--- STORED DATA ---
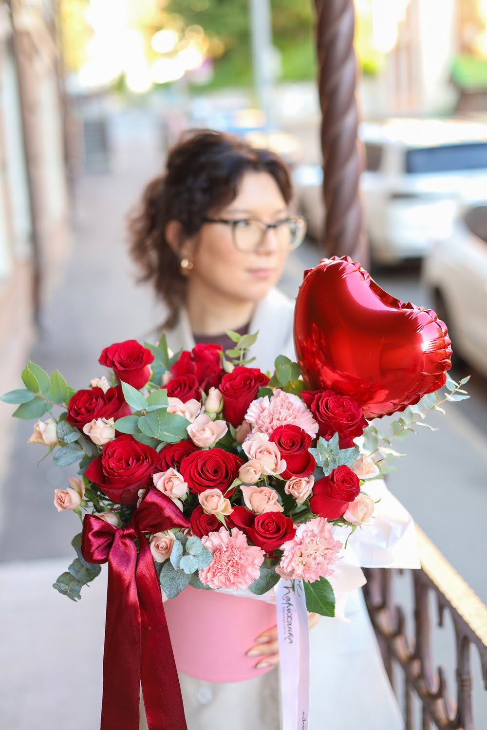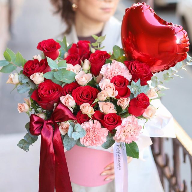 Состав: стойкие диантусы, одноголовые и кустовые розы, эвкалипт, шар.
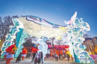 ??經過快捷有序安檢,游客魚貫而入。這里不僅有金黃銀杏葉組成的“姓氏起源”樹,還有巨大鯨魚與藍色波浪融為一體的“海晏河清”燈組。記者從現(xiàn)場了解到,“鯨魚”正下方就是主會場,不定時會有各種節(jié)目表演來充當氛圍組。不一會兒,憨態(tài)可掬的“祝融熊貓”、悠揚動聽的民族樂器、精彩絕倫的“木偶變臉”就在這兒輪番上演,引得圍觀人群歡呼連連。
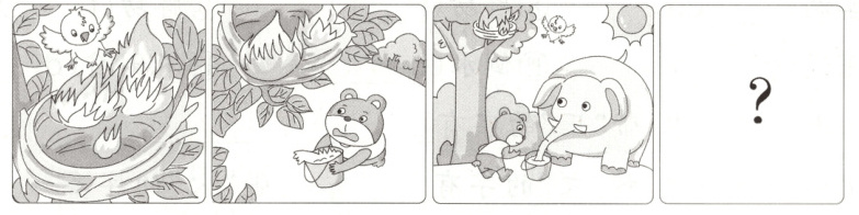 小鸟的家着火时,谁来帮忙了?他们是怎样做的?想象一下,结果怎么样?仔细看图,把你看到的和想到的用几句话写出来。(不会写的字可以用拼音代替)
---
## WHAT NEEDS TO BE DONE
The answer is the whole listing above, written out verbatim, without its pictures.

## SOLVED EXERCISE
 Состав: стойкие диантусы, одноголовые и кустовые розы, эвкалипт, шар.
 ??經過快捷有序安檢,游客魚貫而入。這里不僅有金黃銀杏葉組成的“姓氏起源”樹,還有巨大鯨魚與藍色波浪融為一體的“海晏河清”燈組。記者從現(xiàn)場了解到,“鯨魚”正下方就是主會場,不定時會有各種節(jié)目表演來充當氛圍組。不一會兒,憨態(tài)可掬的“祝融熊貓”、悠揚動聽的民族樂器、精彩絕倫的“木偶變臉”就在這兒輪番上演,引得圍觀人群歡呼連連。
 小鸟的家着火时,谁来帮忙了?他们是怎样做的?想象一下,结果怎么样?仔细看图,把你看到的和想到的用几句话写出来。(不会写的字可以用拼音代替)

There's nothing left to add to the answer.